The Assyrian repression marked the entrance of the military into Iraqi politics, a pattern that has periodically re-emerged since 1958, and offered an excuse for enlarging conscription. The hugely popular Assyrian massacre, an indication of the latent anti-Christian atmosphere among the Muslim Arab, Kurdish and Turkmen population, also set the stage for the increased prominence of Bakr Sidqi. In October 1936, Bakr Sidqi staged the first military coup in the modern Arab world.

Assyrians continued to serve the British in Iraq (who maintained a military presence until 1954), despite earlier betrayals. Assyrian levies played an important role in putting down the pro Nazi Iraqi movement in WW2, and served the British in the Mediterranean and North African campaigns during the war.

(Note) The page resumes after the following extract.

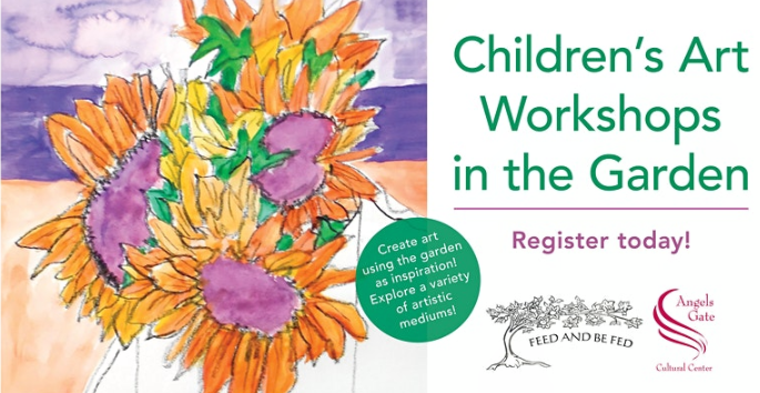 Angels Gate Cultural Center and Feed & Be Fed are partnering on this new Art Workshop series for children, ages 5-12! On the following Saturdays, 10:30 – 11:30am: Dec. 11, 2021; April 9, 2022; June 11, 2022.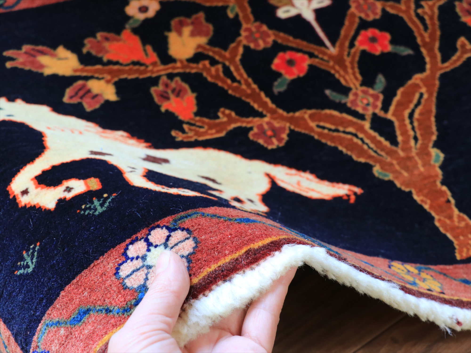 オールドギャッベ カシュカイ族の手織りラグ 89x53cm 生命の木 馬とライオン

The World Directory of Minorities states that there are over 300,000 Assyrian followers of the Chaldean Catholic rite in Iraq and that they live mainly in Baghdad. Until the 1950s, Chaldean Catholics were mostly settled in Mosul — in 1932, 70 percent of Assyrian Christians of all denominations lived there, but by 1957, only 47 percent remained, as they migrated southward due in part to ethnic and religious violence and regional and political tensions. It was estimated that about half of Iraq's Assyrian Christian's lived in Baghdad by 1979, accounting for 14 percent of that city's population

This period also marks the intensification of denominational antagonism among Assyrians in Iraq as some church institutions began to distance themselves from the members of the Assyrian Church of the East who were seen as magnets for Muslim antagonism.

Republic of Iraq

Recognition of the Syriac language by the Ba'thist regime

In the early 1970s, the Ba'ath regime tried to change the suppression of Assyrians in Iraq through different laws that were passed. On 20 February 1972, the government passed the law to recognize the cultural rights of Assyrians by allowing Aramaic be taught schools in which the majority of pupils spoke that language in addition to Arabic. Aramaic was also to be taught at intermediate and secondary schools in which the majority of students spoke that language in addition to Arabic, but it never happened. Special Assyrian programms were to be broadcast on public radio and television and three Syriac-language magazines were planned to be published in the capital. An Association of Syriac-Speaking Authors and Writers had also been established.[6]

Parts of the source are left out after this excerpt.